I used to be an auction addict but go now only if I see something I really need/want. Prices the last few years have been low but starting to rebound some overall but still some good bargains Went to try to buy a tractor yesterday but it was rough and the seller had a reserve. While there spotted a Craftsman 9hp 29 inch snow blower that had been used once. I bought it for $250 dollars. I put gas in it and it started right up and ran like a top today. Things are still real tight for many around here and so they sell things to eat and pay bills. I will resell it. Jay


----------



## idigbeets (Sep 3, 2011)

I'm trying to hold off a purchase as long as I can, however the next big farm auction here isn't until mid April. I had a friend get a good tiller for under $300 a couple years ago. I need to get things going before then.. So we'll see !


----------



## nathan104 (Nov 16, 2007)

Im in the market for a 6' tiller myself. I didnt know I wanted one until I borrowed the neighbors last week to do my garden. Man those things are great. The one I borrowed was a King Kutter II 6'. Its worked great. Ive got a 50hp john deere and it just covered my tire tracks. I have heavy clay soil and this old farm used to have tons of horses on it which compacted the soi.l. That tiller chopped it up like butter. I got all my grden done and took it down to the bottoms to see what it would do down there in my pastures which have been ravaged by wild pigs. Looks like a bomb range down there. One pass and it was smooth as a babies behind. I was blown away. 
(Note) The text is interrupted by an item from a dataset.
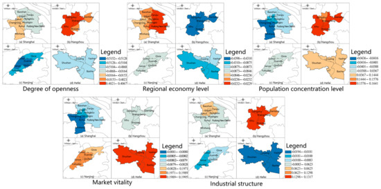 - From the perspective of the influencing factors of the catering industry, the impact strengths of the five influencing factors on CLI and CDI are roughly the same, and the order is the degree of openness, regional economic level, market vitality, population concentration level, industrial structure. The degree of openness and regional economic level are the main factors that restrict the development of CLI, and they are the main factors that inhibit and promote CDI, respectively. The geographical environment is the main factor affecting CGPI. The regional economy and population density significantly affect the cities’ high agglomeration points of catering.

I have been checking around and looked at TSC today. They have the 6' coutnyline branded king kutter for $1899. Like you, he assured me it was the same exact thing as the king kutter II, but I just dont like the different branding. Just doesnt make me feel secure if you know what I mean. Atwoods also carries the 6' King Kutter II for $1700. They also Have a 6ft Priefert for $2050. 

I imagine I will end up getting the KKII from atwoods as Im having no luck finding one used.


----------



## idigbeets (Sep 3, 2011)

Careful at TSC. In my state, TSC no longer carries rebranded KK. They carry "tarter industries" tillers. I checked out their website and was not impressed by the weight or cutting depth of their tiller.


----------



## idigbeets (Sep 3, 2011)

So, I ended up w/ the King Kutter II, 5' for $1580. My biggest complaint is the lack of documentation on how much gear oil to fill the gear boxes with. The manual says "1/2 full" but doesn't give a capacity. The next line says "DANGER DO NOT OVERFILL PAST 1/2 OR YOU VOID WARRANTY". Well, it's a small hole to look into, pretty sure I'm good. Just find it odd they can't list it as something like "fill with 2 qt gear oil". Meh.

Other than that, it's a dream to use. I took the feet off it so I could till a little deeper. It pulls through heavy soil with no problem, turning sod into chunky seed bed with one pass, two passes and it's ready to rake down and plant. Fantastic !


----------